To date we have planted over a million seedlings since the fire,
which seems like a major undertaking but pales when we consider
the lost forest we are trying to replace. Roughly 150,000 to 180,000
acres have had at least 75 percent tree mortality from the burn.
If these forests supported an average of 200 trees per acre before
the burn (actually many of these acres had much more than that,
which is a story of its own for another day), then we are facing
replacement of 30 million to 36 million trees at maturity. Our survival
rates are roughly around 25 percent (tree planting during a drought
in burned country is quite challenging!), so we need somewhere between
120 to 144 million trees to replace the burnt forest. Mother Nature
is doing her part where live trees are nearby, but much of the area
had no seed source. Our million seedling effort seems hopeful, but
in the face of the problem, rather small.
Prior to the burn, the seed stored in refrigerators of forest
offices seemed adequate since no one really expected the huge reforestation
efforts needed on the many recent landscape scale fires. Now what
seemed like a twenty or thirty year supply of seed is rapidly disappearing.
Therefore, even though we did not experience a bummer crop of pine
cones this year, we still wanted to replenish some of the seed we’ve
been using.
Cone collecting is tricky business. The cones must be collected
when the seed is mature, but before the cones open and disperse
the seed. Usually there is only about 10 to 15 days when the cones
can be collected. The timing of this biological event varies from
year to year and I felt like an expectant mother waiting for birth,
collecting cones and cutting them open all through September looking
for signs of mature seeds.
Historically, when cones were collected on the reservation, the
trees producing the cones were cut down, the cones were gathered
and the logs went to the reservation sawmill. This year though we
wanted to gather cones as close to the burn and within the burn
so that the seed source closely matches the location where we will
plant the seedlings. Since these trees grow either in stands that
were already thinned or had survived the burn, we chose not cut
the trees down, but rather to contract professional tree climbers
to gather the cones.
While my heart would rather have been climbing the trees, my job
was to figure out how many cones we needed to collect. First, there
are around 40 to 70 healthy seeds in a cone providing the various
insects and diseases that jeopardize seed production are at normal
levels. If current germination rates hold for our newly collected
seed, we will need to sow about 66 seeds for the 44 trees we grow
in each basket in the greenhouse. Roughly then we need to collect
one pine cone for each basket of trees we want to grow. Each greenhouse
table holds 56 baskets, and each green house has 28 tables. We can
grow two crops each year in the five greenhouses so we need about
15,000 cones to gather enough seed for one year of maximum production.

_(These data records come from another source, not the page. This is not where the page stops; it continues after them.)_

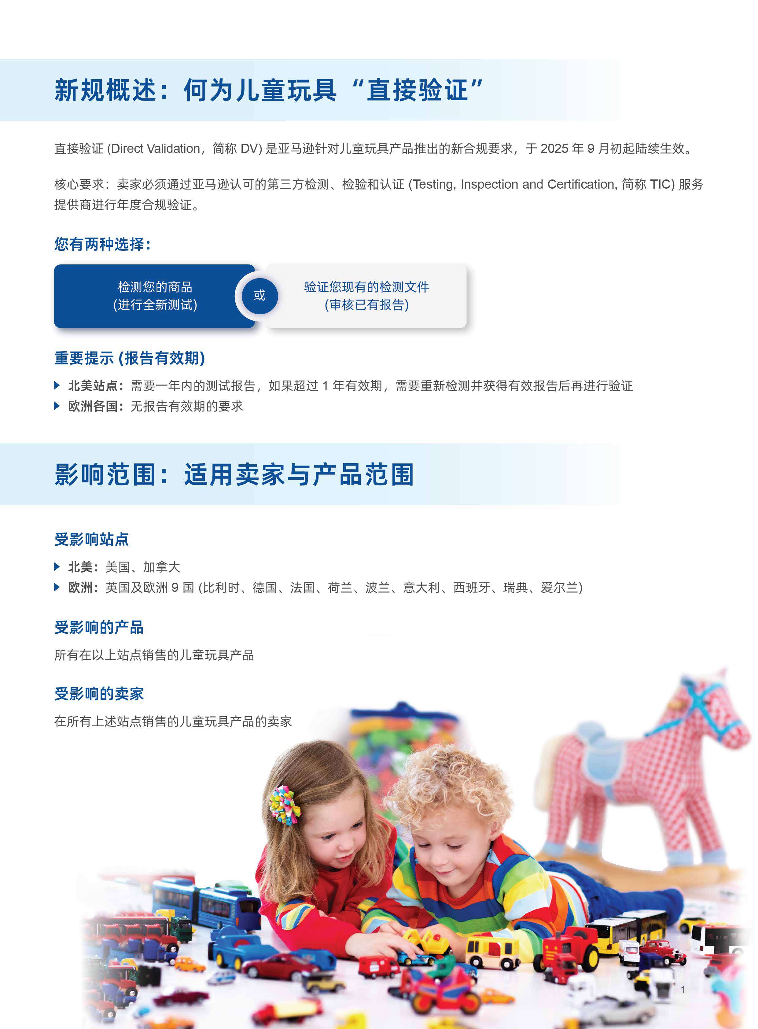 直接验证 (Direct Validation,简称 DV) 是亚马逊针对儿童玩具产品推出的新合规要求,于 2025 年 9 月初起陆续生效。
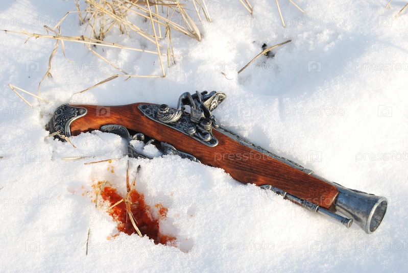 Макет старинного пистолета в снегу с каплями крови
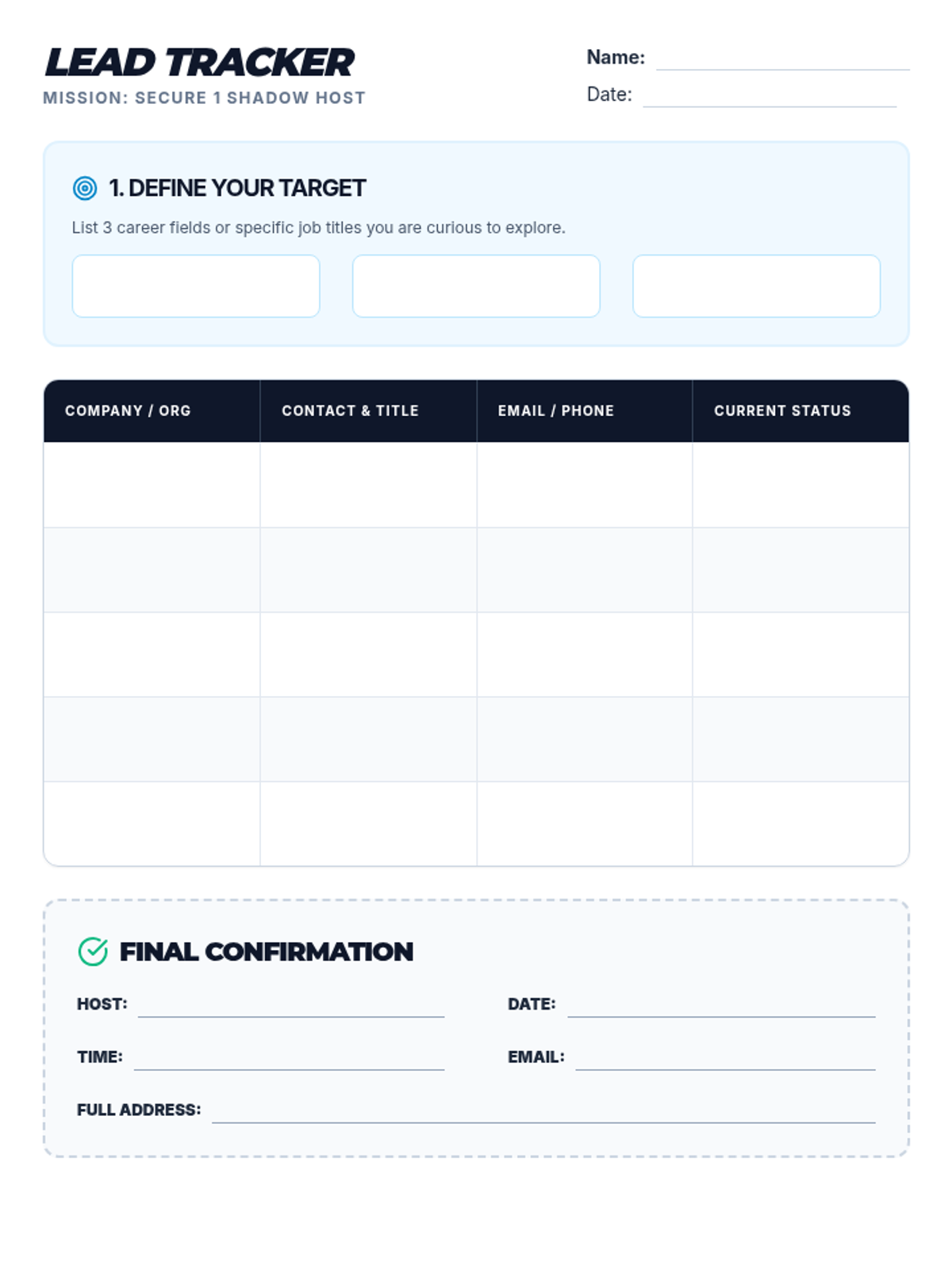 Lead tracker for students. Revised to fit all content on a single page, fix label alignment in the confirmation section, and ensure table header visibility.

There are approximately 60 cones per bushel, so we need to collect
250 bushels for each year. Allowing approximately 10% mortality
through the seedling production phase, our maximum in-house capacity
is to grow and plant around 620,000 seedlings each year.
The reality is that we won’t collect cones every year, and
so we tried to collect all the cones we could get in the short time
frame we had to get them. If our assumptions are correct, this year
we collected about 6 years worth of seed. And now our challenge
this winter is to separate the seeds from the cones and winged tissue
that surrounds each seed. Again the task seems challenging, and
I’m looking forward to a whole new set of fascinating numbers
inspired by pine cones.
Mary Stuever is the Burn Area Emergency Rehabilitation
Coordinator for the White Mountain Apache Tribe and long-time Placitan.